● Required work:
Before copying, set aside the pictures; then restate exactly the lines from the one with "from one pine" through the last line of the records.

● The data:
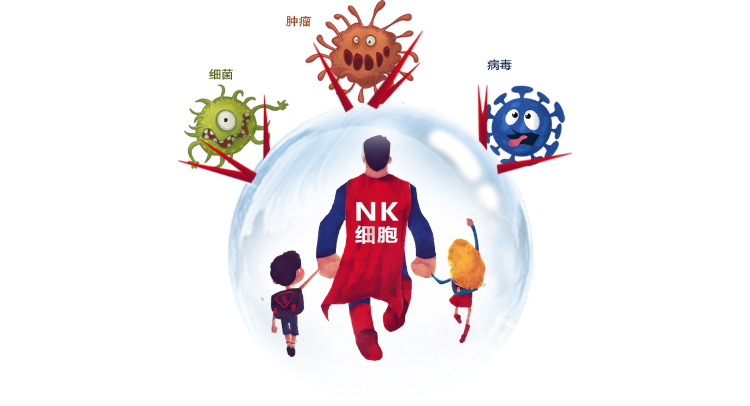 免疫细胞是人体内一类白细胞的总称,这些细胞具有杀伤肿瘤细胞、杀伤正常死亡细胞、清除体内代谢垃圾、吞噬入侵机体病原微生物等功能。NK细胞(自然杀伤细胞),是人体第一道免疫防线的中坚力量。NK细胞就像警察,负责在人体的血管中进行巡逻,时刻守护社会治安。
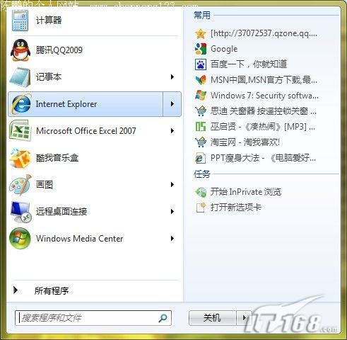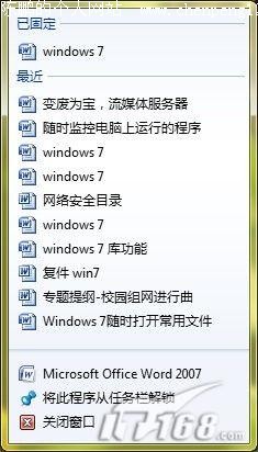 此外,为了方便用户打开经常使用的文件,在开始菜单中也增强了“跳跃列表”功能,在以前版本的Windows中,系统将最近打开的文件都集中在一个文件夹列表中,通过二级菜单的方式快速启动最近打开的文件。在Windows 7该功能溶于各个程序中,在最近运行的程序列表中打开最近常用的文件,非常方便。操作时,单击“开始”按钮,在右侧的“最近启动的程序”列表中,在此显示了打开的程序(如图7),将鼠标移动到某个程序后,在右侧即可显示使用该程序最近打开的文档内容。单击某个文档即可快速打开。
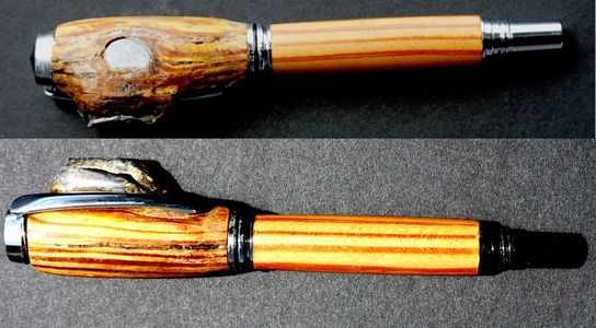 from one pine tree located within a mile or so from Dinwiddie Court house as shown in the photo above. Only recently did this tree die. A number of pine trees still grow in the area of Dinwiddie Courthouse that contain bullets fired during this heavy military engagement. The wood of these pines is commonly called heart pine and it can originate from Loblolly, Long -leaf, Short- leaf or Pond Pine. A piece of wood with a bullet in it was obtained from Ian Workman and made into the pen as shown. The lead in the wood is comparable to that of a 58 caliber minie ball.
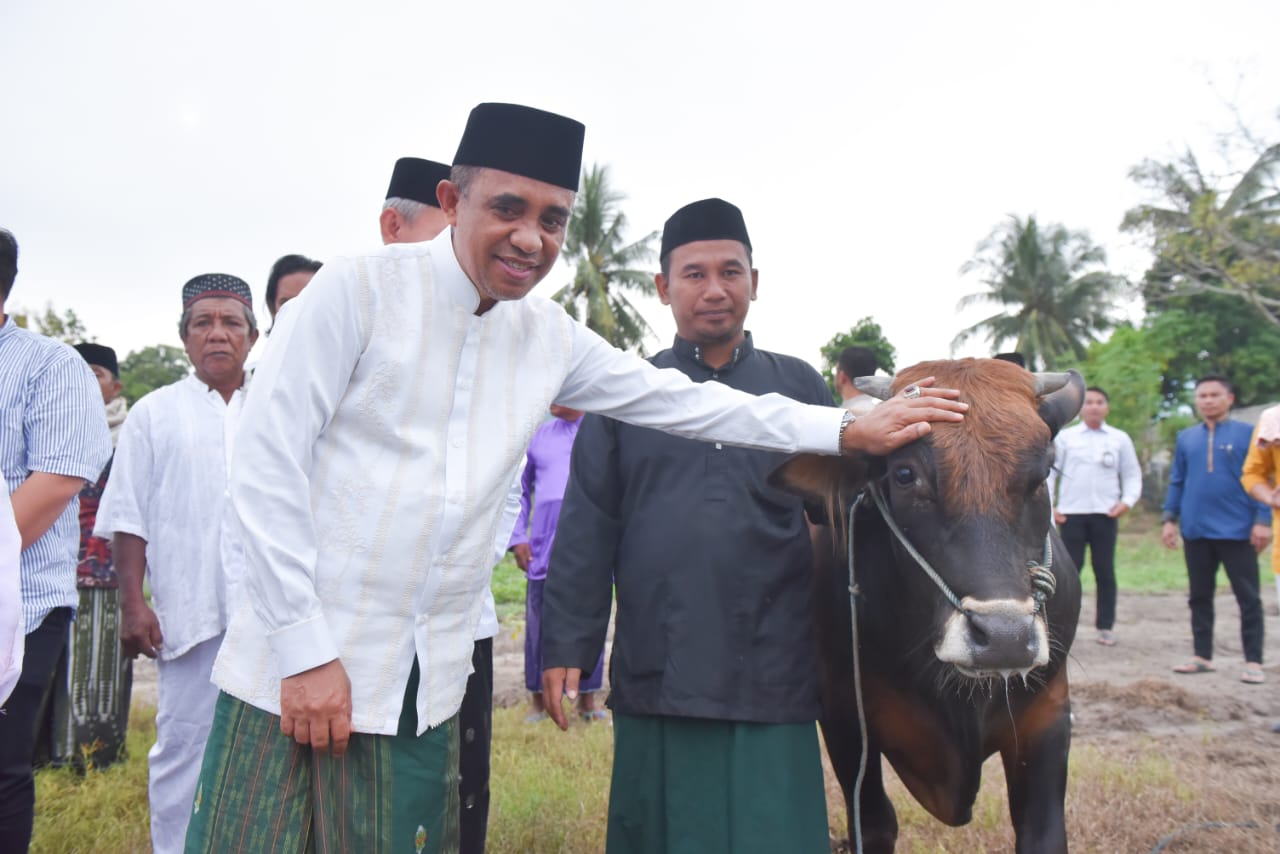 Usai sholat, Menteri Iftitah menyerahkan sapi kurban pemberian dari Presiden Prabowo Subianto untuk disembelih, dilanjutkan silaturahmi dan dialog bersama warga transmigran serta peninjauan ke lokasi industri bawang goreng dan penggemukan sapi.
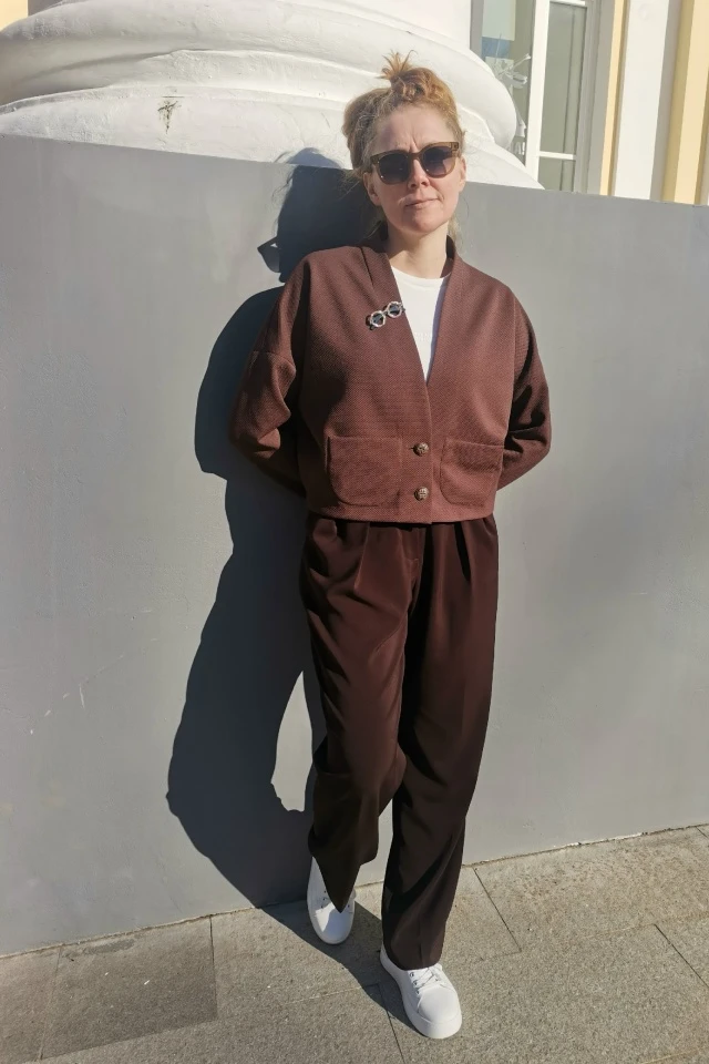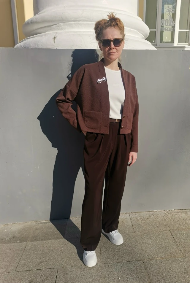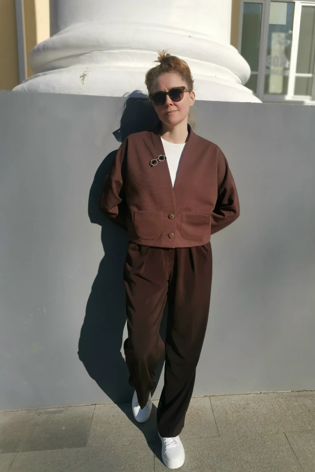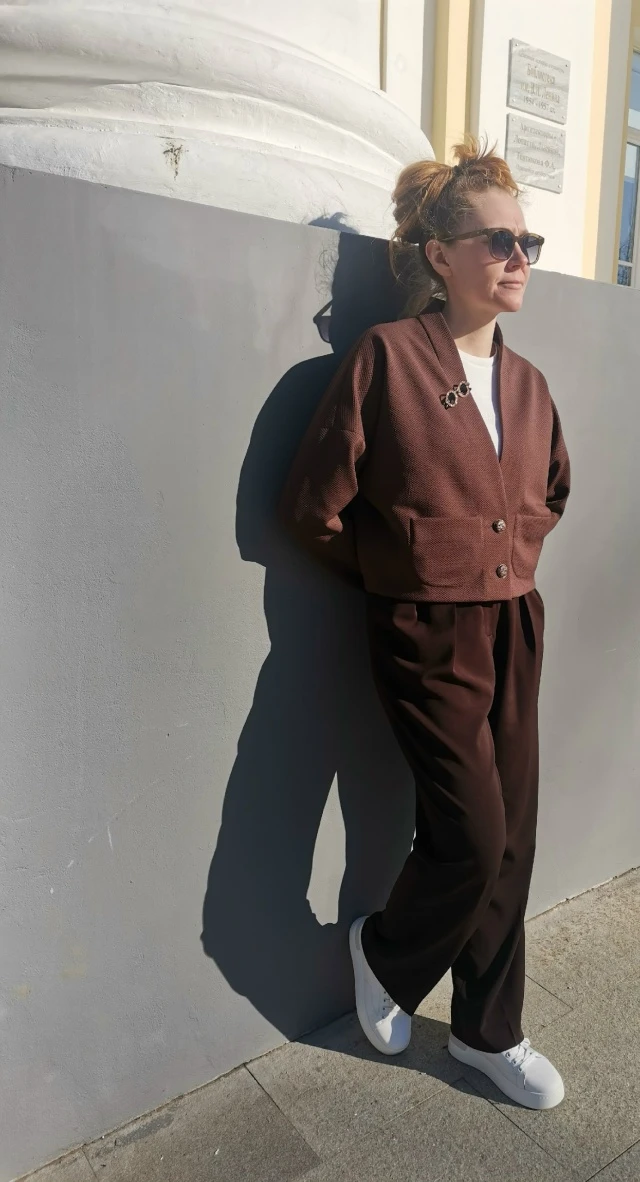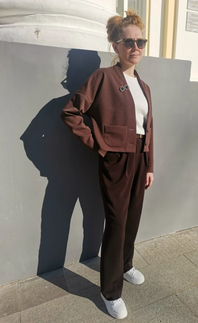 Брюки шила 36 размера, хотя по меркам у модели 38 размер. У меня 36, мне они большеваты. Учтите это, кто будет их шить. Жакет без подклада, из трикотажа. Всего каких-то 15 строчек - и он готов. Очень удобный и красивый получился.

● Output of the task:
 from one pine tree located within a mile or so from Dinwiddie Court house as shown in the photo above. Only recently did this tree die. A number of pine trees still grow in the area of Dinwiddie Courthouse that contain bullets fired during this heavy military engagement. The wood of these pines is commonly called heart pine and it can originate from Loblolly, Long -leaf, Short- leaf or Pond Pine. A piece of wood with a bullet in it was obtained from Ian Workman and made into the pen as shown. The lead in the wood is comparable to that of a 58 caliber minie ball.
 Usai sholat, Menteri Iftitah menyerahkan sapi kurban pemberian dari Presiden Prabowo Subianto untuk disembelih, dilanjutkan silaturahmi dan dialog bersama warga transmigran serta peninjauan ke lokasi industri bawang goreng dan penggemukan sapi.
 Брюки шила 36 размера, хотя по меркам у модели 38 размер. У меня 36, мне они большеваты. Учтите это, кто будет их шить. Жакет без подклада, из трикотажа. Всего каких-то 15 строчек - и он готов. Очень удобный и красивый получился.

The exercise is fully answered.